もう、テレビに映りたくて映りたくてしょうがないわけですよ。でも平日だから学校にも行かなきゃならない。急いで帰ってきて、なんとかカメラに映って……なんてこともありました(笑)。
――その頃はお住まいも東京ですよね。児童劇団に入ろうと思ったりは?
僕は、子役をやりたいと親父に話したことはあるんですよ。でも、母が芸能活動に大反対で。親父を見てて、リアルな現場を知ってるからこそ、子供にはまだやらせたくないと思ったんでしょうね。

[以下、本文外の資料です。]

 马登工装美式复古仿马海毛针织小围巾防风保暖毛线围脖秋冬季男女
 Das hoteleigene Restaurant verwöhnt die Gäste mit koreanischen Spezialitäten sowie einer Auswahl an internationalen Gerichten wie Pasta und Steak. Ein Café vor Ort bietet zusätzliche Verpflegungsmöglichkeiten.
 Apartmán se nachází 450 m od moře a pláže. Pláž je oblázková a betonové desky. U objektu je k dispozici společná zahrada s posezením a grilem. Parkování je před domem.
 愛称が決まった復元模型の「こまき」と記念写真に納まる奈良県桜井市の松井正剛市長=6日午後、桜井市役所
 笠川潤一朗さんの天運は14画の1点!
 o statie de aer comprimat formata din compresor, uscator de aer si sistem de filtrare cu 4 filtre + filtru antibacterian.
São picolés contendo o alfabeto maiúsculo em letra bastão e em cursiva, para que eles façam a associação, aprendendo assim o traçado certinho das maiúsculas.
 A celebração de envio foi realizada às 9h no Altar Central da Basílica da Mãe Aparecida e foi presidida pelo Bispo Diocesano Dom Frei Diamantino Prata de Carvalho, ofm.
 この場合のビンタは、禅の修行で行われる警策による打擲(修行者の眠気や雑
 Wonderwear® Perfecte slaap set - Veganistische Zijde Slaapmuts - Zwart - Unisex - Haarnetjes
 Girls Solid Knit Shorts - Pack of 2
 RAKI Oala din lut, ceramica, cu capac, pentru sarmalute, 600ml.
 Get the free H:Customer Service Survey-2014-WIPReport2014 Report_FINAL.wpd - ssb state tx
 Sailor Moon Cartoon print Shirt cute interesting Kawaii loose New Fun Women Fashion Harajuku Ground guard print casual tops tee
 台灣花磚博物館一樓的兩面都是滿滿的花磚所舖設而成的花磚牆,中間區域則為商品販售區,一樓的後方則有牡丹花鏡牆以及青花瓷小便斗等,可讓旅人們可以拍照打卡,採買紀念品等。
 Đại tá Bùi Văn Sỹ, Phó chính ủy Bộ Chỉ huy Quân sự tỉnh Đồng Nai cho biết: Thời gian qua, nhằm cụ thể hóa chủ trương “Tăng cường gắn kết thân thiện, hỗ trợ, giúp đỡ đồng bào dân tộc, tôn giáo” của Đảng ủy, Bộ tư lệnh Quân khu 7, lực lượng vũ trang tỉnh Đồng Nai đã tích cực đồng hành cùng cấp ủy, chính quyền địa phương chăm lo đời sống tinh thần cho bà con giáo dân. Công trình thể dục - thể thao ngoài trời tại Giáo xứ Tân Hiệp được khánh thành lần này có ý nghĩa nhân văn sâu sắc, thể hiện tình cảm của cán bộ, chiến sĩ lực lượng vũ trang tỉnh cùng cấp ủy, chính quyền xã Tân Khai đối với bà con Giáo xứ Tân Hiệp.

僕も臆病だったので、それ以上はせっつくこともなく。沸々と「やりたいんだけどなぁ」という想いを、ずっと温めていったんですね。
――その想いを、18歳を機に実現しようと。
そうですね。そこで初めて、具体的に両親に話をしました。でもその時の親父は……「なんだ、役者をやりたかったのか」という感じでね。僕にしたら「え? 今まで気がついてなかったの?」ですよ(笑)。
子供の頃からさんざん、紙芝居を作って演じて見せたり、ビデオで人形を撮影してアフレコした映像を見せたり、脚本を書いて近所の子供を集めたお芝居をやって見せたり……そんな遊びをたくさんしてたんですけどね(笑)。たぶん、そんな僕に気づいてたとは思うんですが、気づかないフリをしてたんでしょう。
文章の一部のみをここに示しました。